The art of finding (and fixing) cloud faults

Senior Editor, UK

In this guest post, Ron Vermeulen, go-to-market manager for north-west Europe at IT services provider, Comparex, runs through the process of finding and fixing cloud faults

There is no doubt that cloud computing offers huge benefits to organisations, but CIOs must accept and manage the potential barriers to realising its value.

Service faults and latency issues can prove problematic, for example, when the application in question is business-critical. They can also cost organisations time and money, and have a negative impact on the end-user experience.

Pinpointing where a performance issue occurs in the first place can also be a challenge.

When on-premise IT infrastructure was de rigueur, it was far easier for organisations to find the source of the problem, which could be down to a misbehaving server in the datacentre, for instance.

It’s not so simple today, because ‘your’ public cloud server is now in someone else’s facility, and the difficulty is compounded because the glitch could be closer to home, rather than the fault of the service provider.

A cloud service might be performing fine, but a network problem could be causing issues at ‘home’. A managed service can often help to lessen this headache by identifying, on behalf of the organisation, where the problem lies in the first place.

Finding cloud faults and fixing them

Fixing the fault is the next hurdle. If the problem is with a supplier’s services (rather than in-house) then another complication is added.

Different Service Level Agreements (SLA) for fixing a fault are in place with all cloud suppliers; and managing the various terms and conditions is a mammoth task.

SLAs governing ‘time-to-repair’ can vary greatly – up to 30 hours in some cases. For a business-critical application this is an unacceptable timeframe.

Organisations can pay for a higher level of SLA to guarantee a rapid fix time, but this is rarely factored into their initial cloud costs.
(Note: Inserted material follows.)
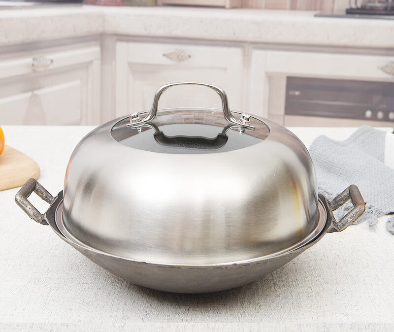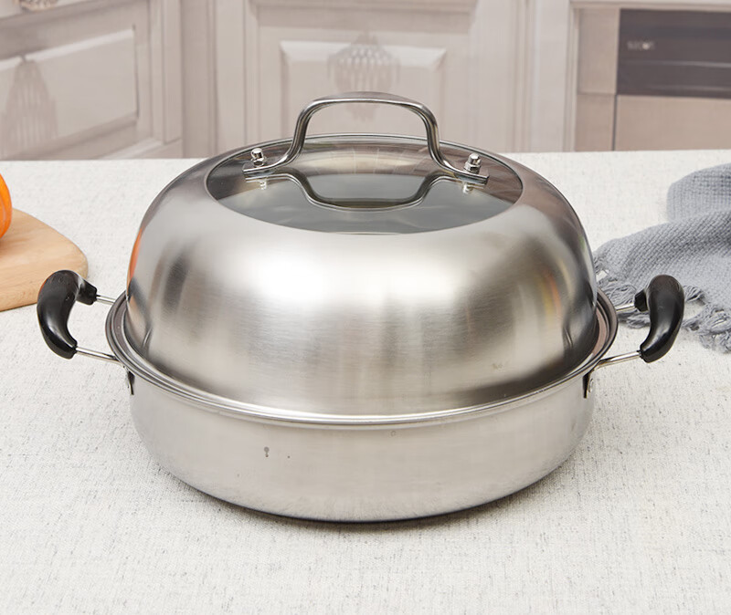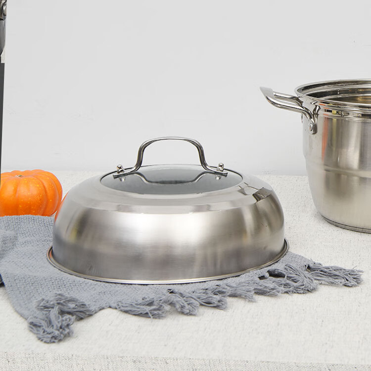 Chinuo stainless steel pot lid, household steamer lid, high lid, thickened wok lid, elevated arched stir-frying tripod lid, 24.6cm steamer lid (stainless steel handle), brown glass

As such, organisations can end up paying more than expected just to keep the lights on.

The flexibility and agility of cloud still make it the first choice for lots of organisations, but when it comes to management, many IT teams have essentially relinquished control over support and maintenance.

It is critical organisations retain visibility across their IT infrastructure and ensure individual SLAs meet the specific needs of their organisation.

Take back control of cloud

Regaining control of a cloud deployment can be achieved by adding an overarching management layer that offers visibility, or engaging a managed service to help implement this.

This means, rather than relying on a vendor to analyse a support ticket, the analysis can begin at home.

Pinpointing an issue can be done in as little as 30 minutes using tools and services available today. This offers an even greater level of control – by introducing a sophisticated management layer or service can actually spot a problem before it happens – so issues can be fixed proactively.

This level of visibility into cloud is a ‘must have’, not just a ‘nice to have’ – particularly as convoluted IT infrastructures become commonplace.

The shift to multi- and hybrid-cloud installations, pointed out by Gartner, is one example of this increasing complexity. The cloud ‘stack’ no longer just encompasses software-, infrastructure- and platform services, but can be made up of six interlocking layers.

Ultimately, ‘out of sight, out of mind’ is not a viable approach to cloud. Ensuring seamless performance and round the clock availability can only be achieved by retaining visibility and control.